I'm at my whits end here... I don't know what to do at this point, nothing I've tried has seemed to have any real effect.

I've thought about just culling every infected shrimp, but the majority of them seem to have at least some hint of black spot. I'd probably have basically no shrimp left. I don't think culling every affected shrimp would be possible anyway, as many of the infected shrimp are tiny and would be very difficult to catch, plus I have CBS as well if one of them was infected I couldn't tell.


----------



## mordalphus (Jun 23, 2010)

Do you have UV running on that tank?>


----------



## blacksheep998 (Jan 16, 2011)

No, I didn't think a UV sterilizer would do much good as it only kills free-floating bacteria, not ones on the shrimp's skins.

Has anyone ever used one to treat black spot?


----------



## mordalphus (Jun 23, 2010)

Don't know, but it could help stop the spread of the disease, I'm assuming the bacteria is only manifested under the shells of shrimp, however it is probably present in the water column.


----------



## blacksheep998 (Jan 16, 2011)

From what I've heard they usually get infected when they eat a shrimp that died from it. Unfortunately I can't be around all the time to watch for deaths, and my CRS are positively brutal when it comes to food. I've seen them attack each other over food pellets. Dead shrimp don't hang around very long.

But its probably worth a shot. Money is pretty tight right now, but I'll stop in at petsmart after work tomorrow and see if they have anything affordable. If not I'll have to order something online.


----------



## etbarry (Feb 22, 2009)

Some of my young also have small dark spots.. (now you have me worried...) But all are active and flesh appears clear and not white-ish which typically means bacteria are present. So I guess Ill just wait and watch. Anyone else with any info would be great. Not much info on the net.


----------



## blacksheep998 (Jan 16, 2011)

Agreed, there isn't much info out there.

Honestly I don't think this is the usual black spot disease I've heard about because that seems to kill very quickly and I have some shrimp that have had it for ages that are still active and eating.

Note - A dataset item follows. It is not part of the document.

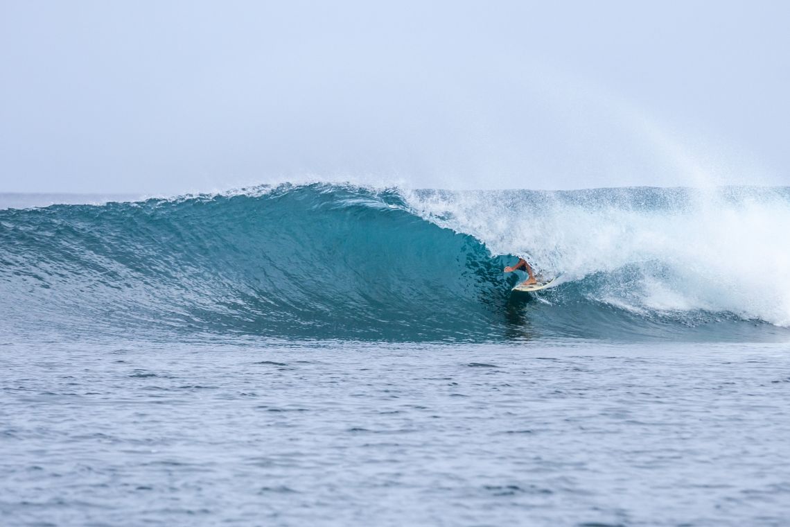 The Peak is Lhonknga’s only A-Frame wave that sits between The Left and Lampuuk’s Right Hander approximately 200 metres off the beach. This wide A-frame rolls gently over the reef in smaller swells, bending around the reef to provide a playful shoulder. On medium to large swells, The Peak is the heaviest wave in the immediate area, pitching into a barrel off the drop, left and right.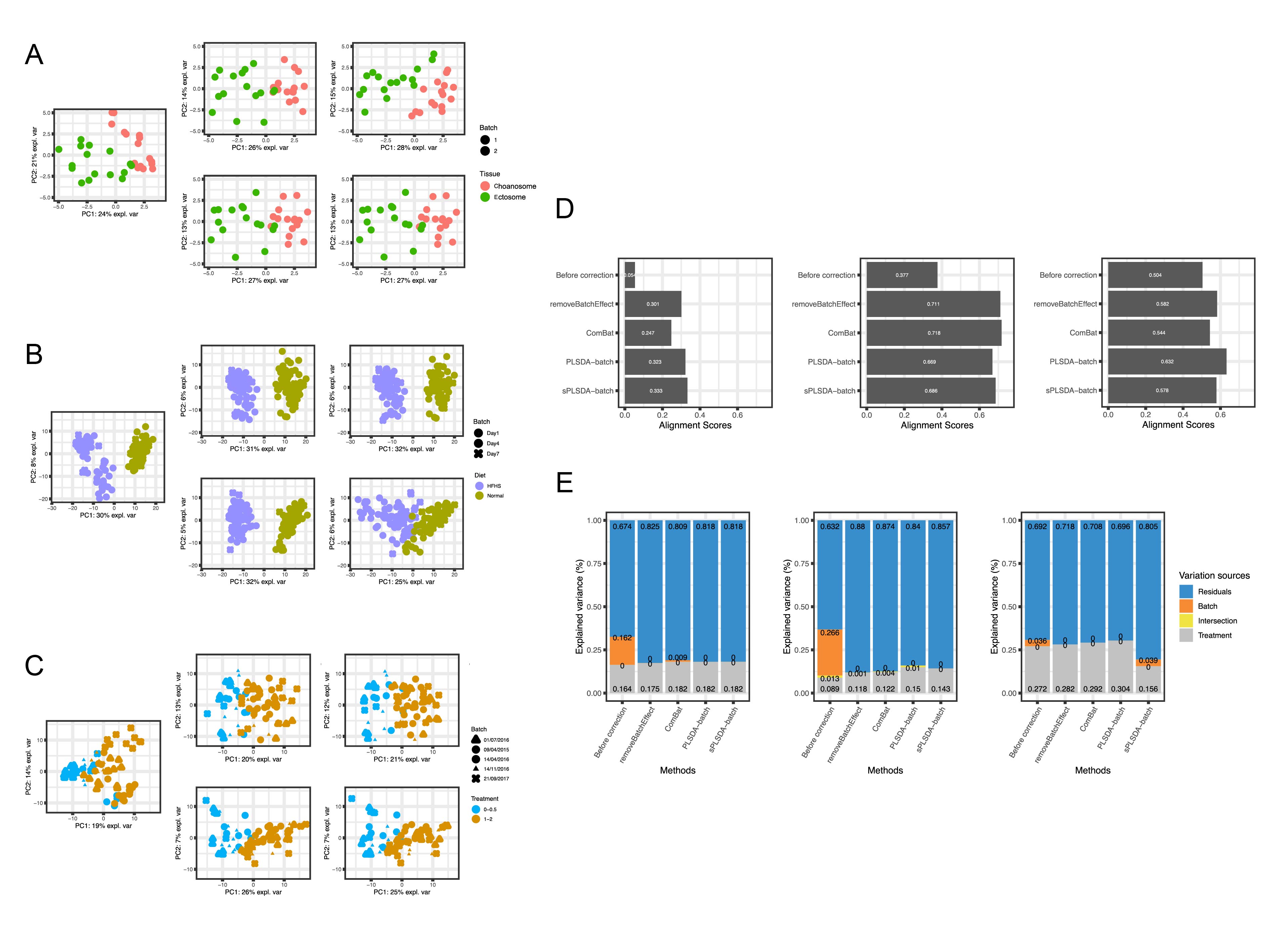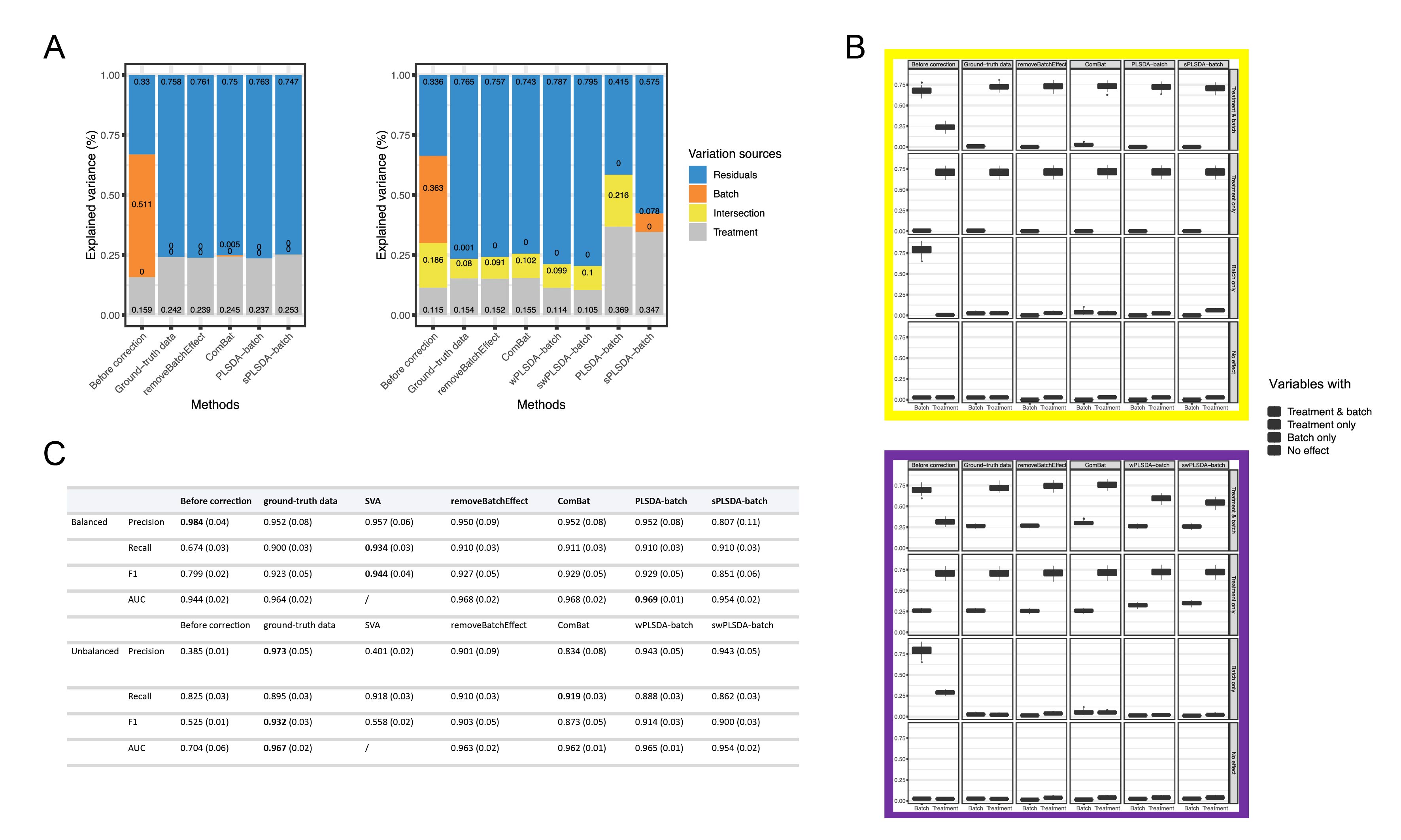 为了验证方法的有效性,研究人员先在模拟数据集上测试了PLSDA-batch,并与常用的removeBatchEffect、ComBat和SVA这三种方法进行了比较;然后在三个实际数据集上,与removeBatchEffect、ComBat这两种方法进行了对比。

Here's a pic I took awhile ago of what the spots look like.










The spots are always symmetrical, and the ones on that particular shrimp are about average in size. Most are that big or smaller. But a few are much larger and cover the majority of the red patches.


----------



## AlisaR (Dec 7, 2011)

Don't spend more money at this point except to get a new tank and a new bag of food.

Get a new 10 gallon tank.
Pick out 12 of the best and least infected shrimp- sub adults.
Don't put anything from the old tank into the new tank except the shrimp
Nuke the old tank.


Then place the 10 gallon near a window if possible. Best and free uv filter there is.
If the medication isn't doing anything, discontinue it.

What are you feeding? You might have gotten a bad batch of food.


----------



## Krayz5183 (Nov 30, 2010)

So what info have people found on this so far? Any known cure? Or anything that slows it down? What causes it? And how easy is it to spread referring to people selling shrimp online?


----------



## shrimpnmoss (Apr 8, 2011)

wow that shrimp looks sick....sorry man ...i agree with alisa...nuke...but i wouldn't even move shrimps over...


----------



## AlisaR (Dec 7, 2011)

Yeah, but if his shrimp fund is low he might as well try to save a little of his colony.
I think it's a viral issue.

Actually, you might want to just start from scratch because any new shrimp you add to the old colony survivors (even if they recover) might get infected, starting the whole thing over again. But it's your call.


----------



## Hobbes1911 (Mar 2, 2009)

Although, if viral chances are pretty bad. I would nuke and start over. I would strongly advise against carrying over shrimp from one to the next tank, since there is no way to get rid of all the viral particles and all you'll do is transmit. 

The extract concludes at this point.